Ignoring the pictures, copy the data exactly.

DATA EXCERPT:
%%

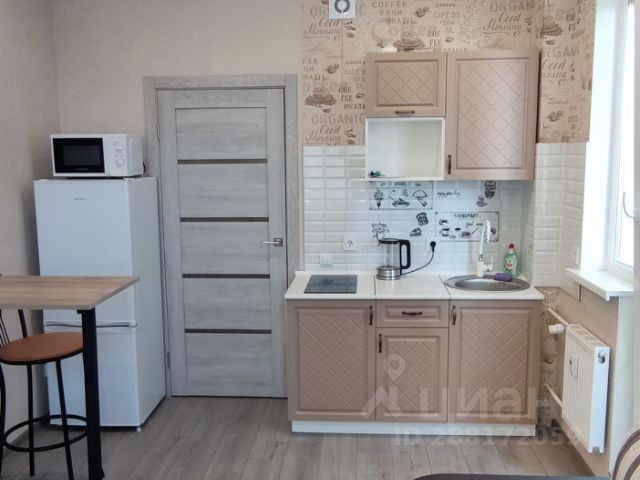 Квартира-студия в ЖК "Краски лета". В квартире есть вся необходимая мебель, кухня со встроенной стиральной машиной, варочной поверхностью, вытяжкой. Еврософа-книжка, шкаф-купе, прихожая, стол, 2 стула. Санузел в кафеле, с ванной 170 см. Застекленный балкон 4 м.кв. Окна во двор,на школу.
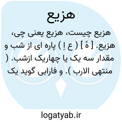 هزیع. [ هََ ] ( ع اِ ) پاره ای از شب و مقدار سه یک یا چهاریک ازشب. ( منتهی الارب ). و فارابی گوید یک نیمه از شب، و گویند ساعتی از آن. گویند: مضی هزیع من اللیل. ( اقرب الموارد ). || ( ص ) مرد گول. ( منتهی الارب ).احمق. ( اقرب الموارد ). ج، هُزُع. ( اقرب الموارد ).
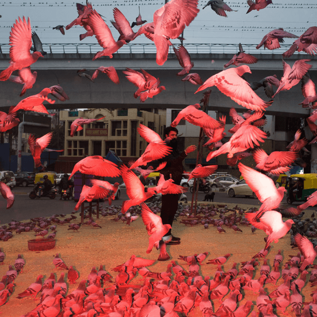 Photo. 2015. . neon birds explode over street routine, reality tinted until the ordinary turns staged and uncanny. Source Benoit Paille

%%

EXPECTED OUTPUT:
 Квартира-студия в ЖК "Краски лета". В квартире есть вся необходимая мебель, кухня со встроенной стиральной машиной, варочной поверхностью, вытяжкой. Еврософа-книжка, шкаф-купе, прихожая, стол, 2 стула. Санузел в кафеле, с ванной 170 см. Застекленный балкон 4 м.кв. Окна во двор,на школу.
 هزیع. [ هََ ] ( ع اِ ) پاره ای از شب و مقدار سه یک یا چهاریک ازشب. ( منتهی الارب ). و فارابی گوید یک نیمه از شب، و گویند ساعتی از آن. گویند: مضی هزیع من اللیل. ( اقرب الموارد ). || ( ص ) مرد گول. ( منتهی الارب ).احمق. ( اقرب الموارد ). ج، هُزُع. ( اقرب الموارد ).
 Photo. 2015. . neon birds explode over street routine, reality tinted until the ordinary turns staged and uncanny. Source Benoit Paille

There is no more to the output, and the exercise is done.